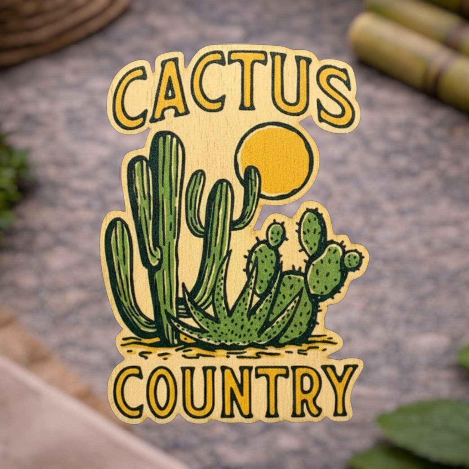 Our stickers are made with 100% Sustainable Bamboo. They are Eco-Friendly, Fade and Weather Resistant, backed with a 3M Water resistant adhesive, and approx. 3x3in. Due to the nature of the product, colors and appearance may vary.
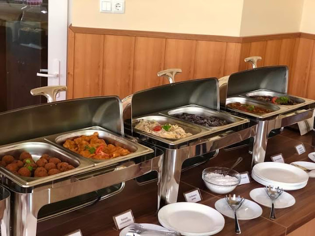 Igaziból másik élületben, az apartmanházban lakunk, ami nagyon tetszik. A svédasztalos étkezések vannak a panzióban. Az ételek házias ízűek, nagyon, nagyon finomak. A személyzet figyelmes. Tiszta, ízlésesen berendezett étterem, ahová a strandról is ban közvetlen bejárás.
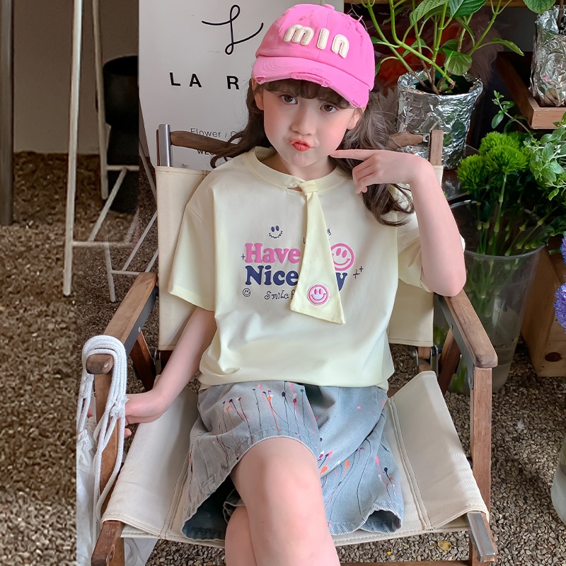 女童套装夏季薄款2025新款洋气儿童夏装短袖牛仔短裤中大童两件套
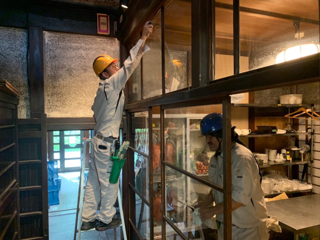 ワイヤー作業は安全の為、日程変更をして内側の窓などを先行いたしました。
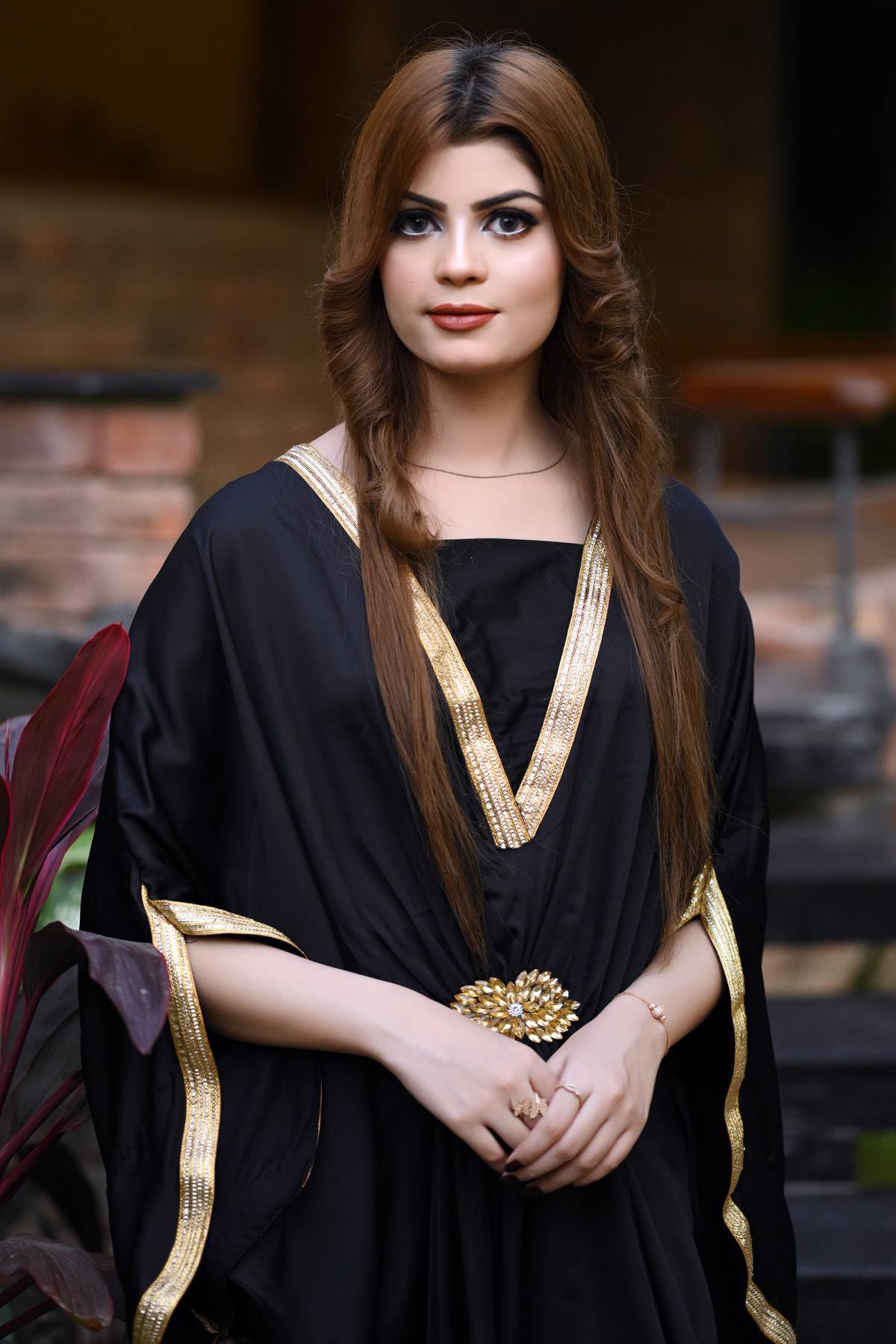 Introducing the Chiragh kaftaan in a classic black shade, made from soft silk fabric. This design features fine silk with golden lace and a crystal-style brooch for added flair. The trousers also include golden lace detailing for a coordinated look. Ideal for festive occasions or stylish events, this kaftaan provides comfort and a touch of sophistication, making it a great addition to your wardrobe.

Directions for this task: All of the data should come back exactly as written, but without pictures.

Solution:
 Our stickers are made with 100% Sustainable Bamboo. They are Eco-Friendly, Fade and Weather Resistant, backed with a 3M Water resistant adhesive, and approx. 3x3in. Due to the nature of the product, colors and appearance may vary.
 Igaziból másik élületben, az apartmanházban lakunk, ami nagyon tetszik. A svédasztalos étkezések vannak a panzióban. Az ételek házias ízűek, nagyon, nagyon finomak. A személyzet figyelmes. Tiszta, ízlésesen berendezett étterem, ahová a strandról is ban közvetlen bejárás.
 女童套装夏季薄款2025新款洋气儿童夏装短袖牛仔短裤中大童两件套
 ワイヤー作業は安全の為、日程変更をして内側の窓などを先行いたしました。
 Introducing the Chiragh kaftaan in a classic black shade, made from soft silk fabric. This design features fine silk with golden lace and a crystal-style brooch for added flair. The trousers also include golden lace detailing for a coordinated look. Ideal for festive occasions or stylish events, this kaftaan provides comfort and a touch of sophistication, making it a great addition to your wardrobe.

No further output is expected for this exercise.